Никифор Фока усмехнулся, и спросил:

– И при чём тут Русь, не пойму!

Не обращая внимания на усмешку, Луткерий продолжил:

– Как ты думаешь? Почему император Великого Рима Константин принял христианство, король франков, германские кёнинги, другие господари? Заметь, василевс, не простые люди, а богатая знать, у которой власть, именно она, принимала решение, о принятии христианства! Почему?

– Ты что меня поучать или того хуже дурачить прибыл? – вспылил император.

– Имей терпение, василевс, во всём нужна выдержка, разве одержал бы ты столько славных побед во славу византийской империи, не будь у тебя железной выдержки. С твоего позволения, я продолжу говорить! Так вот, все эти конунги, короли и цари быстро поняли, что христианство учит в первую очередь смирению, покаянию, а если вера учит смирению, значит народ, исповедующий такое учение, постепенно станет мирным. Именно народ, а не те, кто им управляет.

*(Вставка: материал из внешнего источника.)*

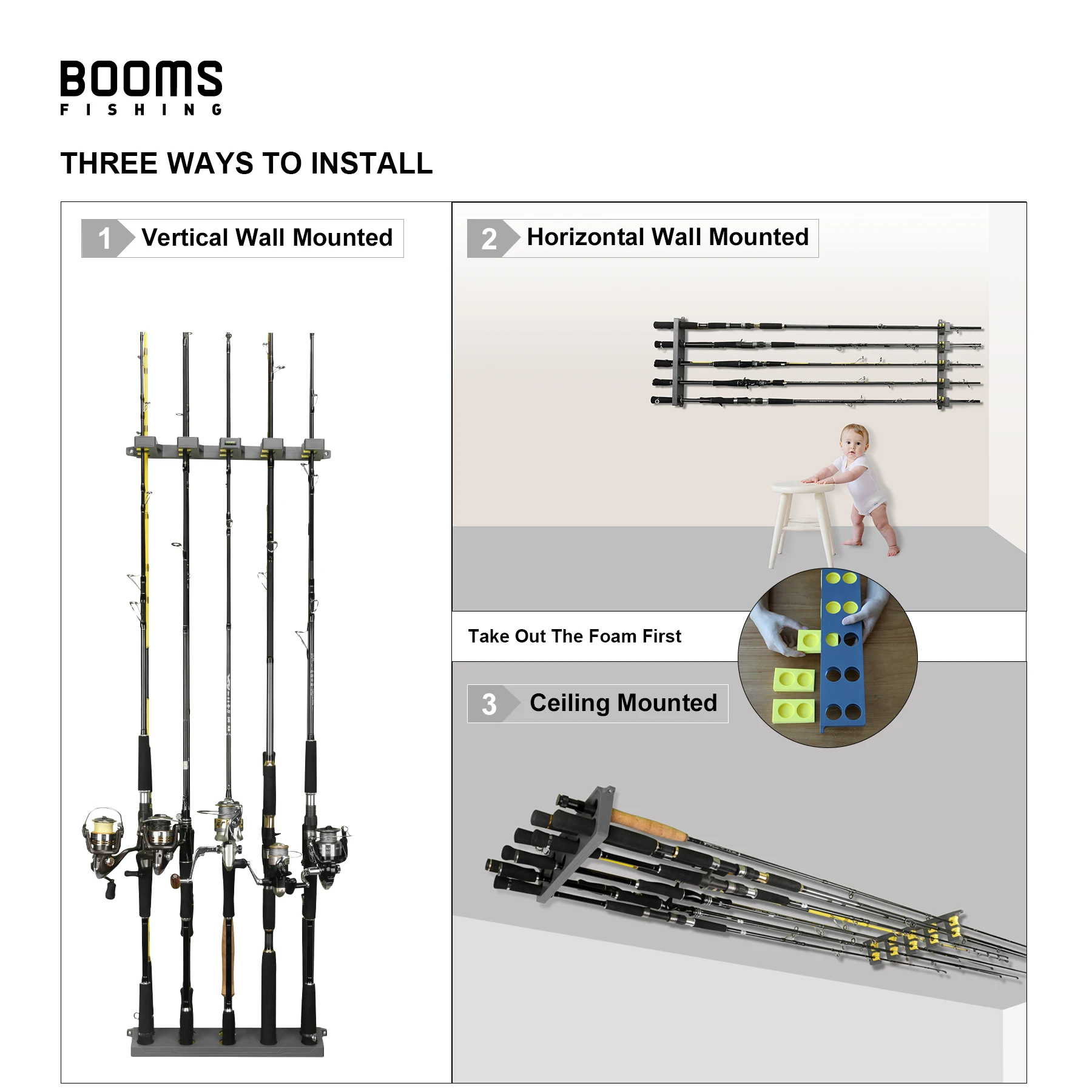 [TRES FORMAS DE INSTALACIÓN]Fácil de instalar, se monta fácilmente con 4 tornillos, tres formas de instalar los soportes para varillas: montado en la pared vertical, montado en la pared horizontal, montado en el techo.Ayuda al pescador a resolver el problema de que no puede instalar ni almacenar sus cañas de pescar favoritas en diversas condiciones.Permítales administrar sus cañas de pescar como deseen en un entorno limitado.Haz que la pesca sea más fácil y gratuita.Nota: Primero saque la espuma para montar en horizontal y en techo.
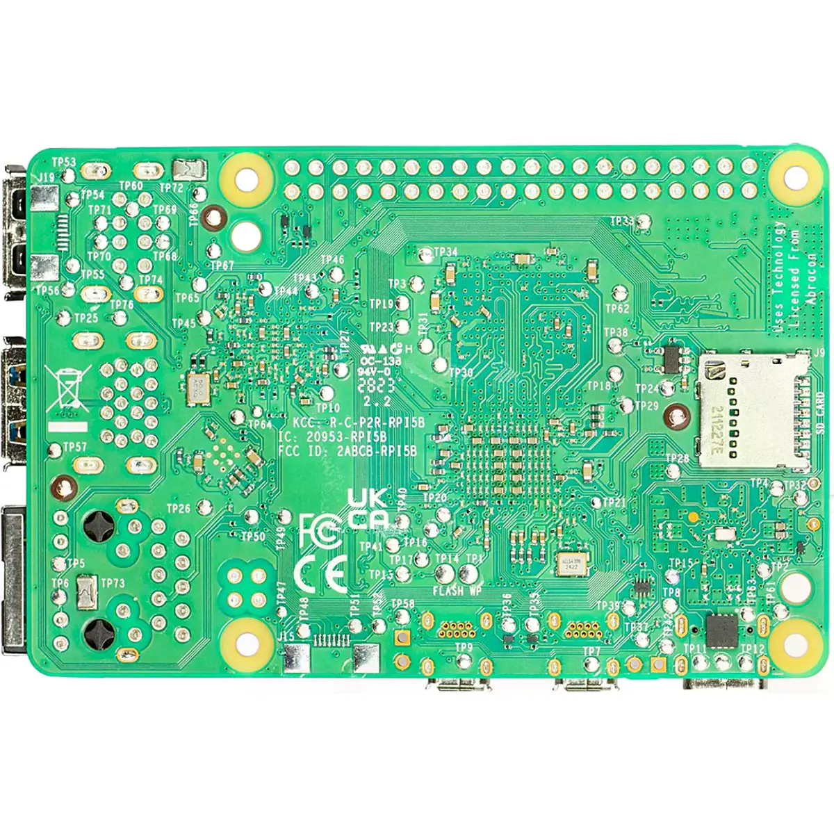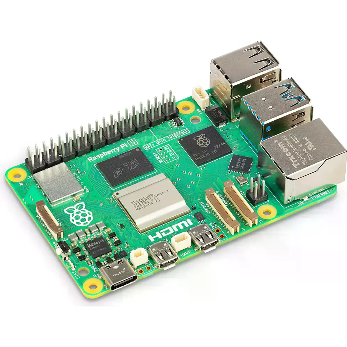Pela primeira vez, este Microcomputador Raspberry Pi, de tamanho normal, já utiliza chips construídos internamente na Raspberry Pi. O "southbridge" RP1 fornece a maior parte das capacidades de E/S para o Raspberry Pi 5 e proporciona uma mudança radical no desempenho e na funcionalidade dos periféricos.
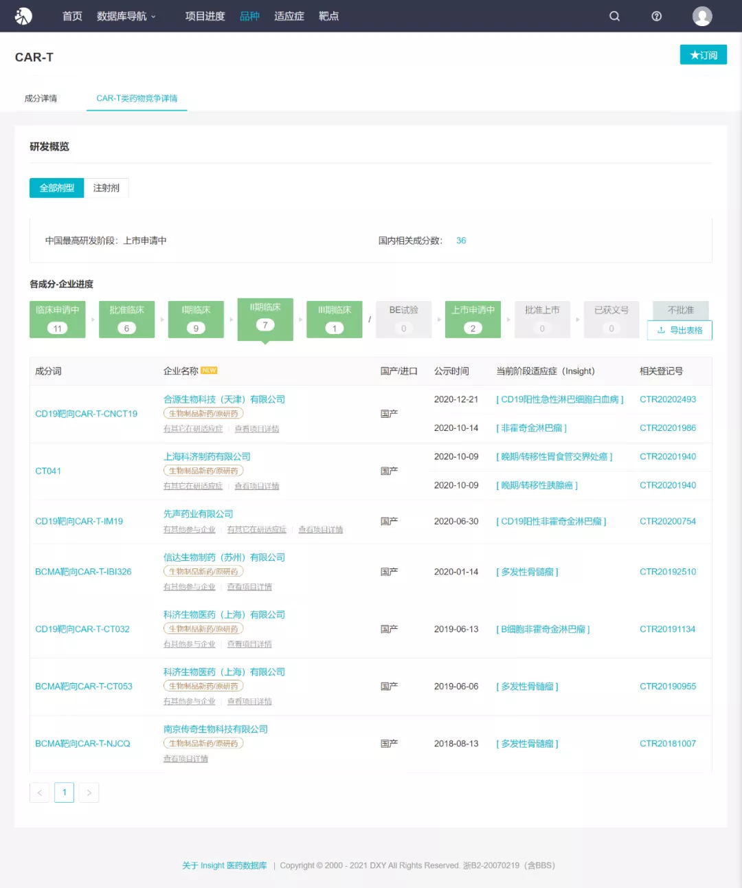 Insight醫(yī)藥情報助手上市審評時光軸小程序Insight 數(shù)據(jù)庫顯示,目前除了復(fù)星凱特外,藥明巨諾的 CAR-T 產(chǎn)品瑞基侖賽也報上市。另有多款處于臨床階段的 CAR-T 產(chǎn)品,其中以諾華的 Kymriah? (tisagenlecleucel)進展最快,已啟動 III 期臨床,另有 7 款國產(chǎn) CAR-T 產(chǎn)品已進入 II 期臨床。其中,值得一提的是,南京傳奇的 BCMA 靶向 CAR-T 已于 2020 年 8 月被 CDE 納入突破性療法程序。

– И что ты собираешься крестить этих воинственных русичей? – усмехнулся император.

– Да, так, василевс! Я собираюсь способствовать именно этому! – невозмутимо ответил Луткерий.

– Каким образом ты это исполнишь, они всех проповедников поднимают на смех, либо изгоняют прочь? – возразил Никифор Фока.

– Конечно, потому что вы всё пытаетесь окрестить народ, а надо крестить их знать, а лучше самих князей, если их обратим в христианство, то и простолюдины станут принимать вашу веру, а значит и вся Русь станет христианской! – горячо выпалил Луткерий.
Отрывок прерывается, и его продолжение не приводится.